The COVID-19 pandemic has dramatically changed how and where people work. This has increased the importance of individual decision-making in protecting companies from cybersecurity risks to their most sensitive information, including trade secrets. Almost overnight, a majority of the global workforce was using technology to work remotely from home—technology that was not designed to replicate all of the data security measures that exist in corporate facilities.

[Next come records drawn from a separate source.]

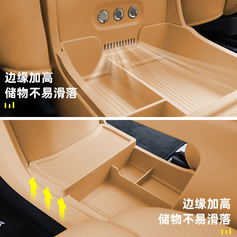Zhijie R7 센터 콘솔 아래 이중 레이어 보관함 [앰버 브라운] 실리콘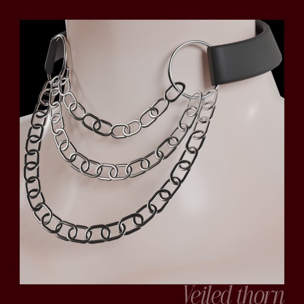Elevate your avatar’s style with this Draped Chain Choker/Collar designed for VRChat. Featuring three layered chains with a sleek metal finish, this accessory adds a bold and edgy touch to any look. Perfect for gothic, punk, cyber, or alternative aesthetics, the design balances elegance with strength — making it a standout piece for both casual hangs and themed worlds.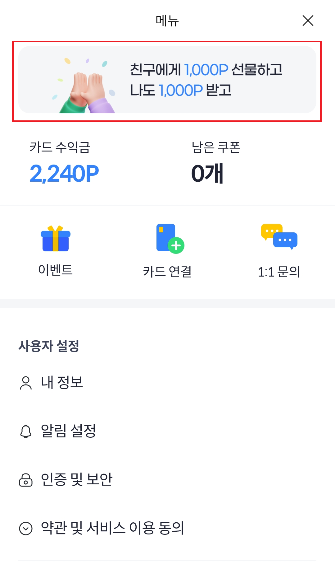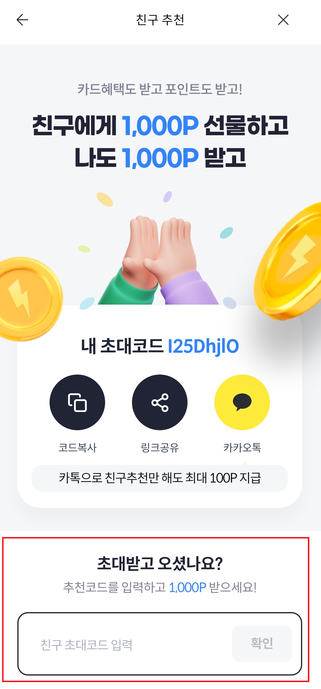 아직 설치하지 않은 사람은 추천인 입력을 하면 1000포인트를 받을 수 있다.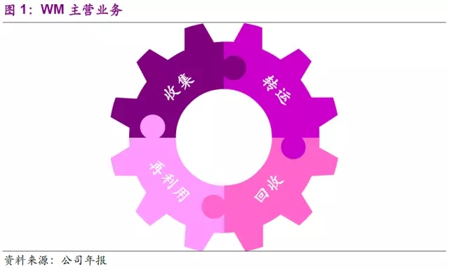美國廢物管理公司 (Waste Management, Inc.,以下簡稱WM)成立于1968年,經(jīng)過多年的成長和發(fā)展,從數(shù)個(gè)小型垃圾收集站逐步發(fā)展為全球固廢的絕對龍頭。公司在目前在美國和加拿大地區(qū)為市政、商業(yè)、工業(yè)及居民客戶提供廢品管理服務(wù),包括收集、轉(zhuǎn)運(yùn)、再利用、資源回收服務(wù)。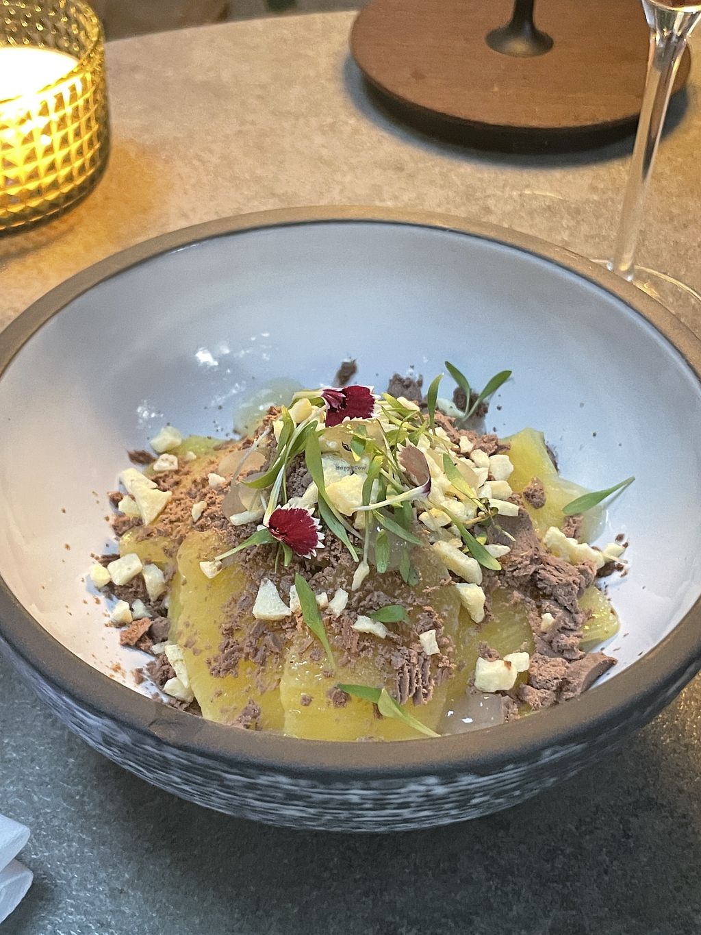 We returned to this delightful restaurant after a year. The menu may have slightly changed but the service was still absolutely tip top alongside creative dishes that tease the tongue. We again chose the vegan taster menu and we were not disappointed. This time we were accompanied by friends with differing dietary requirements to ourselves and they were easily accommodated. The portion sizes were rather petite but that is to be expected with a taster menu; sadly, because each course leaves you greedily wanting more. And more. And more! This is a charming restaurant in winter but in warmer weather, I am told the courtyard is simply a must, and confirms why this is a destination restaurant for all.

This abrupt shift has been especially challenging for life sciences companies. This is the result of myriad factors, including the increasing transition from written health care records to electronic forms, the confidentiality requirements unique to their business, and their need to protect commercially sensitive intellectual property. Employees of life sciences companies regularly deal with highly confidential information concerning patients, drug manufacturing, trade secrets, and pricing and promotions. Even before COVID-19, these companies were a regular target for cyber-attacks: “Between 2012 and 2014, cybercriminals started to ramp up attacks on the healthcare industry, which remarkably suffered more than the business, military, and government sectors.” Connor McLarren, Once More Unto the Breach: How the Growing Threat of Ransomware Affects Hipaa Compliance for Covered Entities, 15 Ind. Health L. Rev. 305, 308 (2018). But this has been heightened by the pandemic.

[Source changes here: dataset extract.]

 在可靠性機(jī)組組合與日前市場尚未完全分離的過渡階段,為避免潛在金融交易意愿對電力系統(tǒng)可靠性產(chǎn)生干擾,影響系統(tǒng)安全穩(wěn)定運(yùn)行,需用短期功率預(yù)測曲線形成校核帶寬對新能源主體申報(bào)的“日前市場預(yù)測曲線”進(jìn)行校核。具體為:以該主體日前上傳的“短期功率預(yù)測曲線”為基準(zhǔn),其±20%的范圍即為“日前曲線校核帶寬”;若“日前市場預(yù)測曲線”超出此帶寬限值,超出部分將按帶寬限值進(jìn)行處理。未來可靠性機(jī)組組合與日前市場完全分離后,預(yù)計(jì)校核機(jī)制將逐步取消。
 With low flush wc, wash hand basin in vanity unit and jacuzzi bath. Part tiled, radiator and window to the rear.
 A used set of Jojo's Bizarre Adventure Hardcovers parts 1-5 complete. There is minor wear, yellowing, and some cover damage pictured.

Where traditional solutions, such as virtual private networks (VPN), are not seen as sufficient to protect highly sensitive information, such as key information related to a company’s drug development pipeline or financials, companies may opt for the remote use of company-owned devices and data protocols in lieu of personal devices, or limit the types of information that can be accessed remotely (even though personnel will find that to be a frustrating approach).
In addition, companies providing clinical testing may need to adapt in analyzing and preparing patient results, and employees working in general R&D must adopt more robust confidentiality measures for preparing patent applications, analyzing copyrighted data, and documenting trade secret methods, formulations, and manufacturing processes. Companies can conduct cybersecurity training or otherwise educate employees about the various tactics used by cybercriminals to acquire sensitive information and ways they can protect their personal home wireless networks and the devices attached to them. See Amy Candido, et al., “Reasonable Measures” To Protect Trade Secrets At Risk With Employees Working-From-Home Amid Covid-19 Crisis, Quinn Emanuel (Apr. 2, 2020), https://www.quinnemanuel.com/media/pebmpg0u/client-alert-reasonable-measures-to-protect-trade-secrets-at-risk-from-employees-working-from-home-amid-covid-19-crisis-5.pdf.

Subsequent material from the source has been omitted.